Ce matériel illustre un point que je juge fondamental dans l’établissement de la relation d’objet : l’objet maternel est attirant, séducteur, mais il menace en même temps d’engloutissement et d’anéantissement si son attraction n’est pas tempérée par des composantes paternelles. Cyril a continué à jouer à l’eau, mais j’ai réduit le débit du robinet pour éviter les inondations et je lui ai demandé de vider l’eau dans le lavabo et non par terre. J’étais alors dans un rôle paternel. Parfois, je devais l’empêcher physiquement de renverser son gobelet plein d’eau sur le sol et alors il venait me donner une tape sur la main. Mais lorsqu’il réussissait malgré tout à le faire, il reprenait son air effrayé et venait se réfugier près de moi comme pour échapper à l’écoulement de l’eau. Je lui ai parlé de son besoin que je le protège comme un papa de toute cette eau-maman qui lui faisait peur en s’écoulant. Il s’est mis à tester la solidité du sol, des meubles en tapant dessus et je lui ai parlé de son besoin de sentir des choses papa solides pour s’appuyer dessus et grandir. Il a voulu alors explorer le contenu de l’armoire en me demandant d’en ouvrir les portes.

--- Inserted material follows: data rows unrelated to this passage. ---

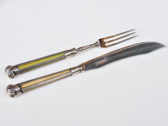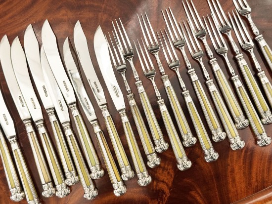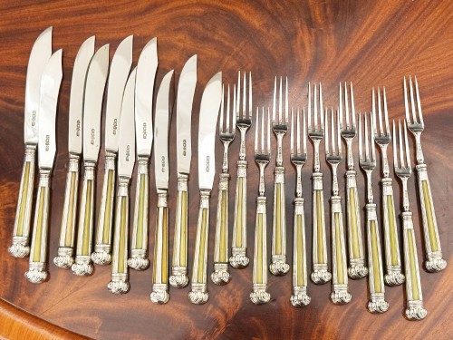 Refined Old Sheffield fish cutlery set from 1889, made of silver and embellished with elegant engraved coats of arms, evidence of high-quality production intended for a prestigious table. The silver blades and functional parts reflect the typical quality of late 19th-century English tradition, while the silver and bakelite handles offer a refined contrast of materials, combining solidity, balance, and decorative taste.
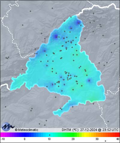 | 27-12-2024 | | | Máx. | Mín. | | | Temperatura | 14,3 | -2,5 | °C | | Humedad | 97 | 52 | % | | Viento | 6 | n/a | km/h | | Presión | 1.033 | 1.029 | hPa |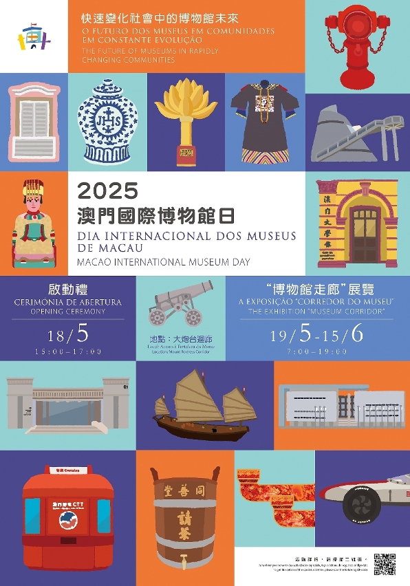 为响应“5‧18国际博物馆日”,澳门逾20间博物馆联合举办“2025澳门国际博物馆日”系列活动。这一文博界年度盛事的启动礼将于5月18日(星期日)下午3时在大炮台回廊举行,设有丰富展演及活动项目;5月23日(星期五)则在澳门大学举办大湾区博物馆发展交流会,欢迎公众参与。

J’en suis venu à l’hypothèse que l’intérêt de l’enfant pour les contenus du corps de la mère, comme Melanie Klein l’a décrit, dérive de la quête d’un objet contenant ayant les qualités requises et notamment des qualités bisexuelles que je me représente comme un contenant maternel limité et étayé par des contreforts paternels. Il faut, en quelque sorte, sonder ces qualités avant de s’engager plus avant dans l’aventure de la croissance psychique, car faute de les rencontrer il y aurait un risque d’anéantissement. Cyril, dans les séances suivantes, a passé la plus grande partie du temps à mettre les crayons par terre, puis à les ramasser et à me les mettre dans les mains, qui manifestement lui servaient de contenant. Il les reprenait pour les remettre par terre et les ramassait à nouveau pour me les remettre dans les mains. Il m’a dit à plusieurs reprises “regarde !” en me montrant les crayons sur le sol et il m’a parlé de mes yeux. Je lui ai dit que les yeux d’Houzel servaient à ramasser et à garder toutes ses pensées. Sa confiance dans l’objet contenant et dans ses qualités bisexuelles s’accroissait. Cyril pouvait confier des contenus précieux à ce contenant qu’il inscrivait de mieux en mieux dans la relation, dans l’échange, dans le partage. C’est ainsi que j’ai interprété la référence qu’il faisait au regard qui englobe et rassemble sans engloutir.